Replica Reproducibility

It is highly recommended that 2-4 replicas be generated for each condition (e.g. cell type, treatment etc.) in your experiment. Our experience shows that Pan Promoter Enrichment Panel experiments are highly reproducible and that coverage over probes and baits is highly correlated between replicas.

To calculate the \(R^2\) value of mean coverage between replicas, you can use the the output mosdepth bed files (ends with regions.bed.gz) that are generated in the QC step.
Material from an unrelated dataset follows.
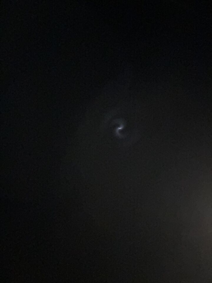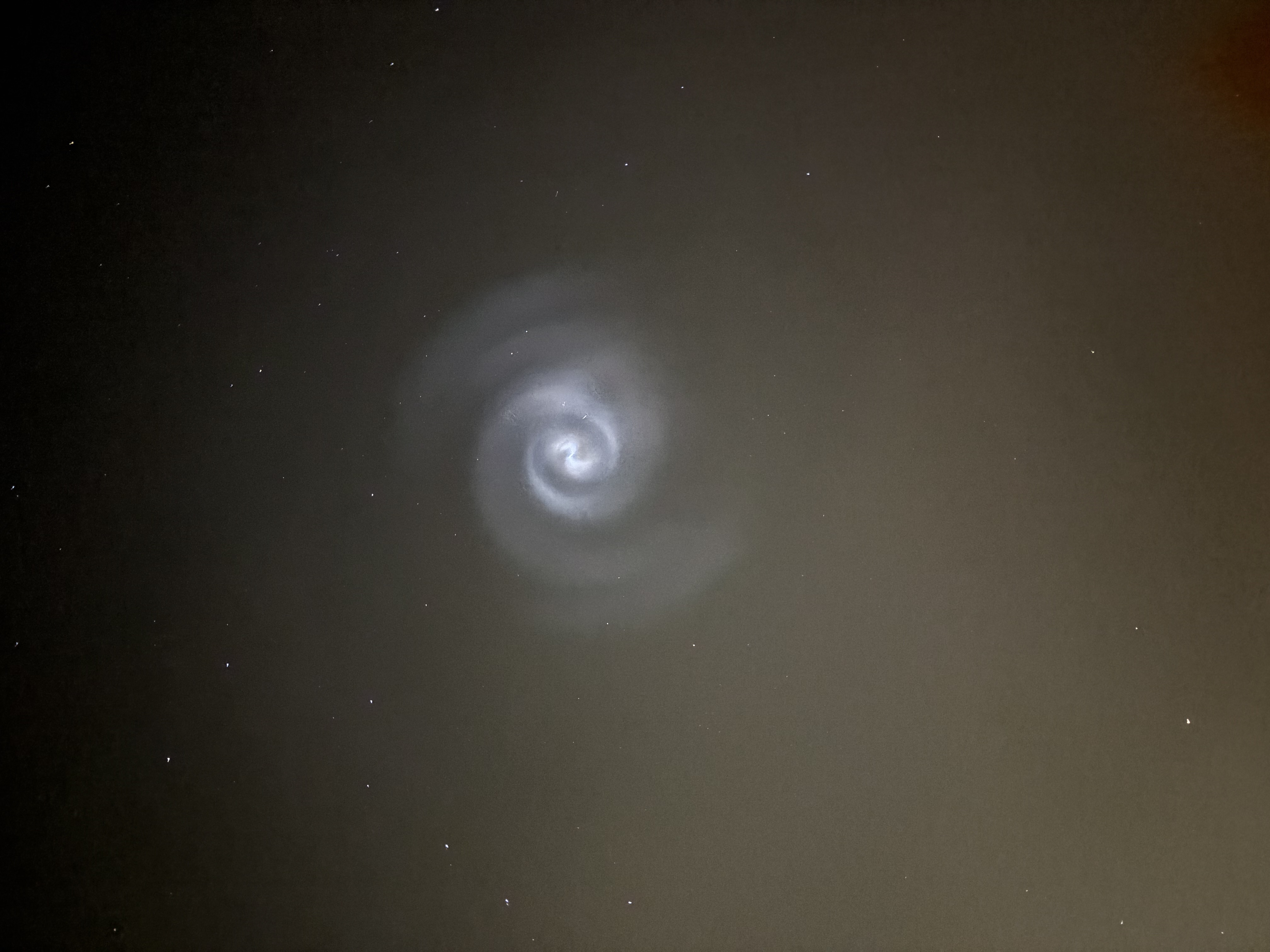 Het gaat om een brandstofdump van een SpaceX raket. De spiraal ontstaat doordat de gedumpte brandstof rondtolt en verdampt. Die damp bevriest, en de ijsvlokken weerkaatsen licht. Meer…

In the QC step we guided you to generate a coverage profile of probe regions. When evaluating reproducibility between samples you may be interested, in addition, to evaluate the coverage reproducibility across the bait regions (in most cases one promoter is represented by one bait, or, alternatively, by 4 probes). You can simply repeat the mosdepth command with the bait file (e.g. https://s3.amazonaws.com/dovetail.pub/capture/human/h_baits_v1.0.bed) in place of the probe bed file.

The last column in the mosdepth output bed file (e.g. NSC_rep1_probes.regions.bed.gz) specifies the mean coverage at each bait or probe location. You can import the last column for each replica of interest to excel, R data frame, or your choice of statistical tool to calculate \(R^2\) values. In the example below, you can find guidelines for plotting the coverage information of one replica vs. another for calculating the \(R^2\) value.

In your R console:

library(tidyverse)
library(ggplot) #for plotting coverage values of rep1 vs rep2
library(ggpmisc) #for adding regression values to the plot

#read coverage information of rep1 (output bed file from mosdepth step) and rename columns
NSC_rep1_probes <- read.table(gzfile("NSC_rep1_probes.regions.bed.gz"),sep="\t", header=FALSE)
NSC_rep1_probes <-rename(NSC_rep1_probes, chr = V1, start = V2, end = V3, probe = V4, rep1_coverage = V5)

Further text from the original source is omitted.